▶ **Task goal**:
Would you retype exactly the lines below, from the one containing "たっぷりの鰻と牛肉を香ばしい" through the end of the entries, both ends included, but not the pictures?

▶ **Provided data**:
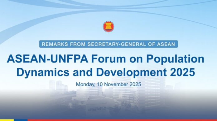 Secretary-General of ASEAN, Dr. Kao Kim Hourn, delivered opening remarks via video message at the Inaugural ASEAN-UNFPA Forum on Population Dynamics and Development 2025, held in Kuala Lumpur, Malaysia, on 10–11 November 2025. The Forum, organised by the UNFPA Asia-Pacific Regional Office with support from the ASEAN Secretariat, was conceived as a collaborative platform for ASEAN Member States to share lessons, anticipate policy needs, and strengthen regional cooperation on population dynamics and their implications for sustainable development. In his remarks, SG Dr. Kao urged for strategic shifts, and emphasised prioritising and integrating demographic planning across all pillars. The discussions focused on key thematic areas including fertility and family dynamics, ageing, health and social support systems, migration and mobility, youth, workforce, and intergenerational solidarity. The Forum underscores ASEAN’s commitment to fostering evidence-based, inclusive, and forward-looking research and policies that enable the region to adapt to demographic shifts, aligning with the Sustainable Development Goals and the ASEAN Community Vision 2045.
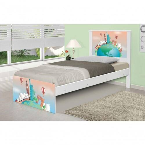 Cama Solteiro Adesivada Volta Ao Mundo Com Colchão Cama Solteiro Juvenil Barcelona Adesivada Volta ao Mundo com Colchão Ref. 1429
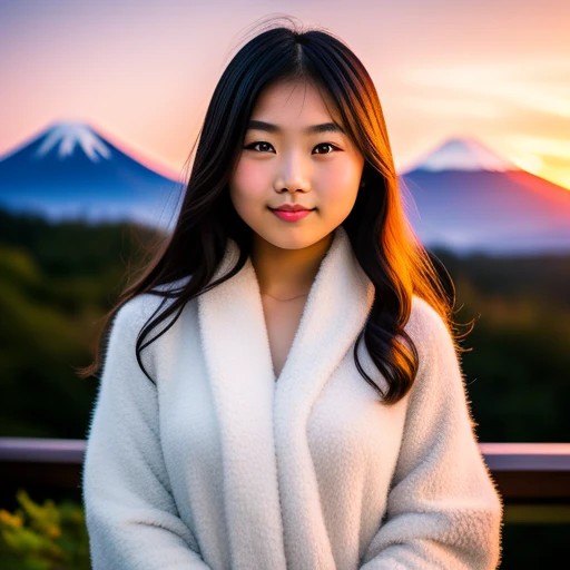 Beautiful young Japanese girl wearing nothingwith Mt. Fuji in the background
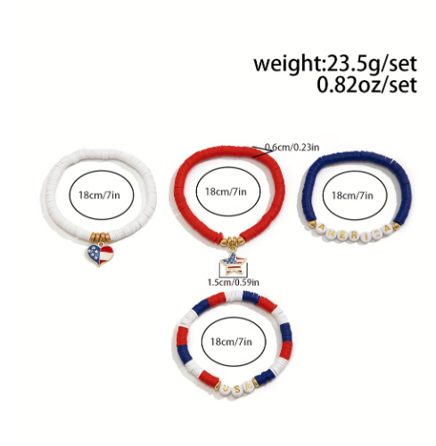 Dark Blue American Flag Pendant Letter Beaded Bracelet Set
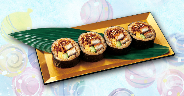たっぷりの鰻と牛肉を香ばしい「たれ舎利」で巻きました。スタミナたっぷり、食べ応え抜群です♪
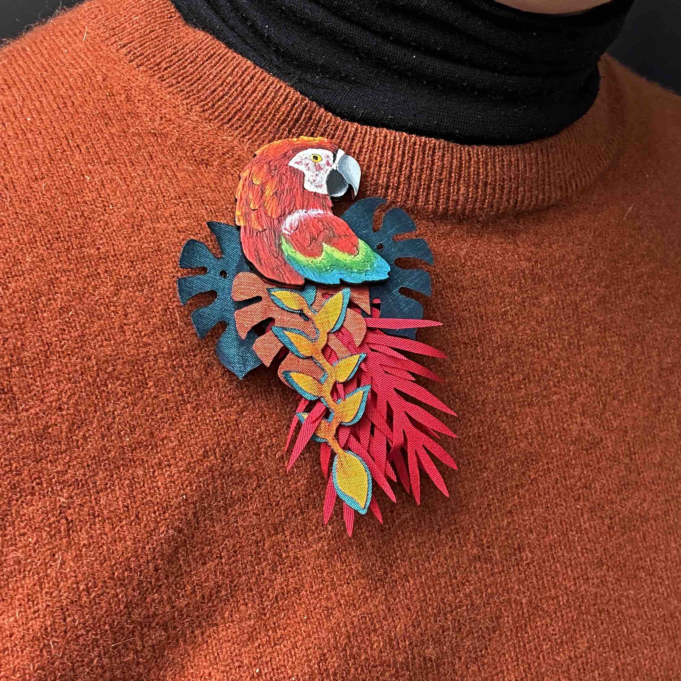 The Scarlet Macaw is a symbol of freedom, beauty, and vitality, with its fiery red feathers capturing the spirit of the tropical rainforest. This brooch showcases intricate hand-carved detailing layered over natural fabrics for depth, texture, and vibrant colour, making it an eye-catching accessory for jackets, scarves, bags, or dresses.
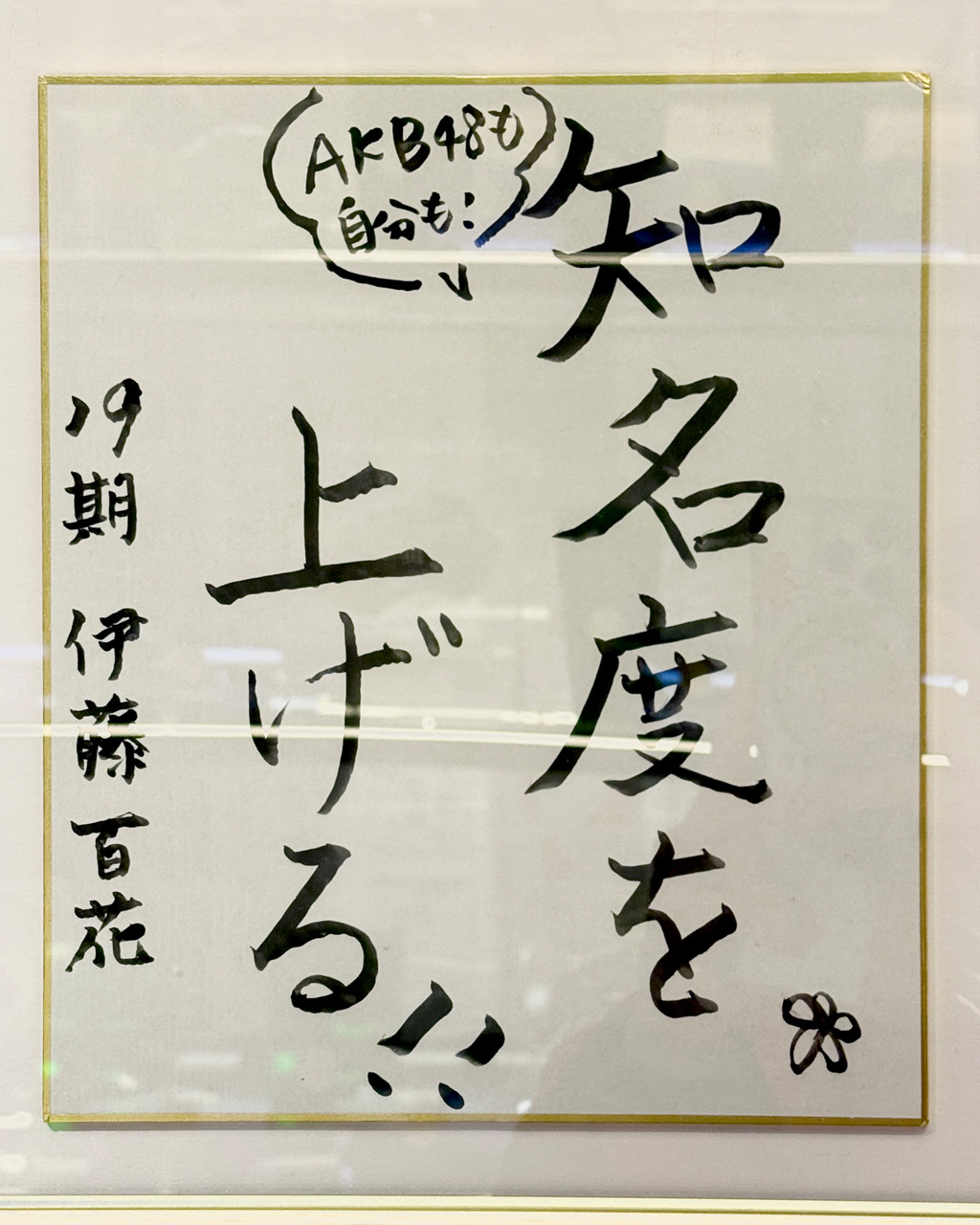 今年最初のシングルのセンターを務めるいとももは、歴代センターを書いた紙を披露。第23代のセンターとして「先輩方に並んでも恥じないように日進月歩!」ということで、今年の書き初めは「日進月歩(たえまなく、どんどん進歩すること。)」でした!
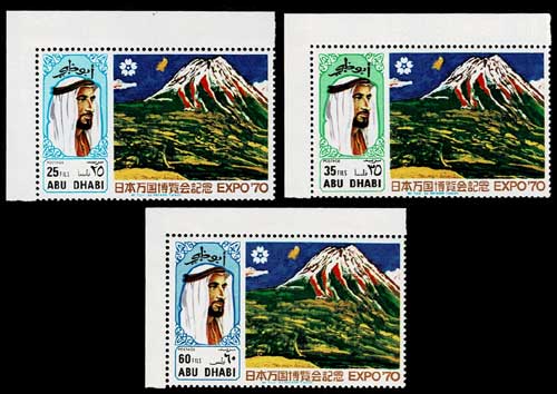1970年大阪万博アブダビ・パビリオン 林武「富士」3種セット アブダビ(アラブ首長国連邦)発行

▶ **Result below**:
たっぷりの鰻と牛肉を香ばしい「たれ舎利」で巻きました。スタミナたっぷり、食べ応え抜群です♪
 The Scarlet Macaw is a symbol of freedom, beauty, and vitality, with its fiery red feathers capturing the spirit of the tropical rainforest. This brooch showcases intricate hand-carved detailing layered over natural fabrics for depth, texture, and vibrant colour, making it an eye-catching accessory for jackets, scarves, bags, or dresses.
 今年最初のシングルのセンターを務めるいとももは、歴代センターを書いた紙を披露。第23代のセンターとして「先輩方に並んでも恥じないように日進月歩!」ということで、今年の書き初めは「日進月歩(たえまなく、どんどん進歩すること。)」でした!
1970年大阪万博アブダビ・パビリオン 林武「富士」3種セット アブダビ(アラブ首長国連邦)発行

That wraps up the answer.